W 1 odcinku jest mowa o tym, że Maud tworzy przymierze razem z Richardem i Alieną. Gdy koronowany został Stephen, jedynym wyjściem było podporządkować się i służyć nowej władzy, bo Aliena obiecała ojcu, że odzyska tytuł, który postępem im odebrano. I najlepszym wyjściem było robić za sprzymierzeńców, uknuć intrygę by przez zasługi, tutaj na polu chwały, odzyskać tytuł nadany ojcu.

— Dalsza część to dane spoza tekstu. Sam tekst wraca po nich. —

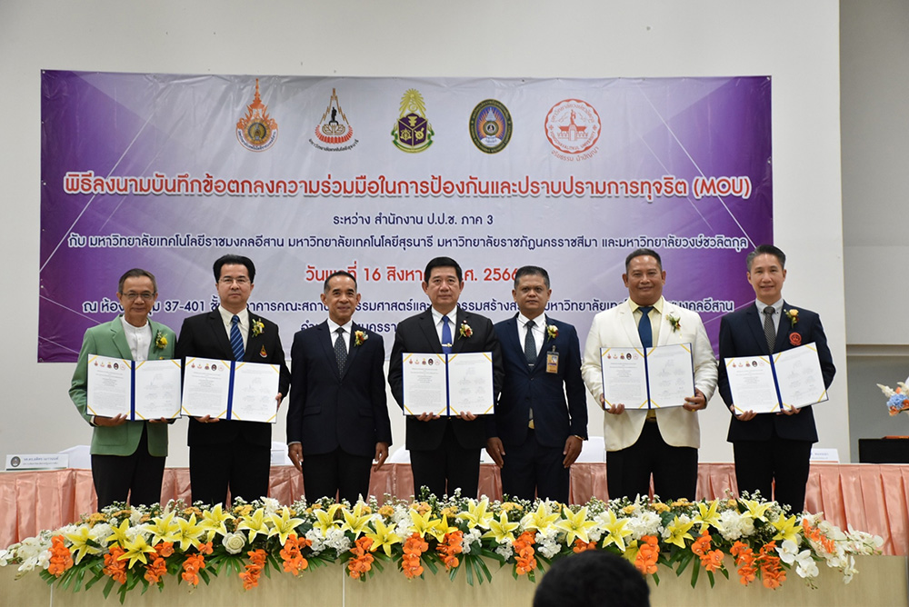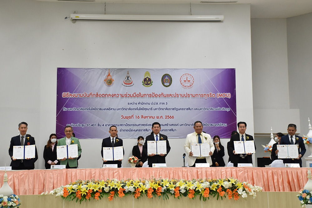 วันนี้ 16 สิงหาคม 2566 เวลา 09.30 น.ที่ห้องประชุม 37-401 ชั้น 4 อาคารคณะสถาปัตยกรรมศาสตร์และศิลปกรรมสร้างสรรค์มหาวิทยาลัยเทคโนโลยีราชมงคลอีสาน จังหวัดนครราชสีมา นายปริญญา วิกุลศิริรัตน์ ผู้อำนวยการสำนักงาน ป.ป.ช. ประจำจังหวัดนครราชสีมา ร่วมกิจกรรมเป็นสักขีพยานในการจัดทำบันทึกข้อตกลงความร่วมมือในการป้องกันและปราบปรามการทุจริต (MOU) ระหว่างสำนักงาน ป.ป.ช. ภาค 3 กับ 4 มหาวิทยาลัยประกอบด้วย มหาวิทยาลัยเทคโนโลยีราชมงคลอีสาน มหาวิทยาลัยเทคโนโลยีสุรนารี มหาวิทยาลัยราชภัฏนครราชสีมาและมหาวิทยาลัยวงษ์ชวลิตกุล โดยมีนายนิวัติไชย เกษมมงคล เลขาธิการคณะกรรมการ ป.ป.ช. เป็นประธานในพิธี ร่วมจัดทำข้อตกลงกับ อธิการบดีมหาวิทยาลัยทั้ง 4 แห่ง รวมถึงแขกผู้มีเกียรติร่วมเป็นสักขีพยาน อาทิ นายภูมิสิทธิ์ วังคีรี รองผู้ว่าราชการจังหวัดนครราชสีมา ผู้อำนวยการสำนักงาน ป.ป.ช. ประจำจังหวัด ในเขตพื้นที่ภาค 3 ผู้ทรงคุณวุฒิด้านการศึกษา สื่อมวลชนและนิสิตนักศึกษา ประชาชน เป็นต้น

Maud musiała uciec by w odpowiednim czasie przypuścić atak i by swojego syna umieścić na tronie. Dlatego gdy jej syn podrósł na polu walki zamordował syna Stephena, a gdy ten naznaczony przekleństwem swoich zamordowanych ofiar widzi, że i jego syn nie żyje, myślę że mógł wtedy umrzeć. Może zbyt dobrze oszacowała takie postępowanie, była inteligentna, wiedziała, że w takich bitwach zawsze ponosi się straty. Nie ma o tym mowy, ale myślę, że wybaczyła Richardowi bo przecież każde z nich walczyło o odzyskanie tytułu. A wszystkie sytuacje w których brała udział Aliena i Richard pomogły tylko osłabić wroga. Rodzeństwo przyczyniło się do wyjaśnienia sytuacji na Białym Statku, może to też zaważyło.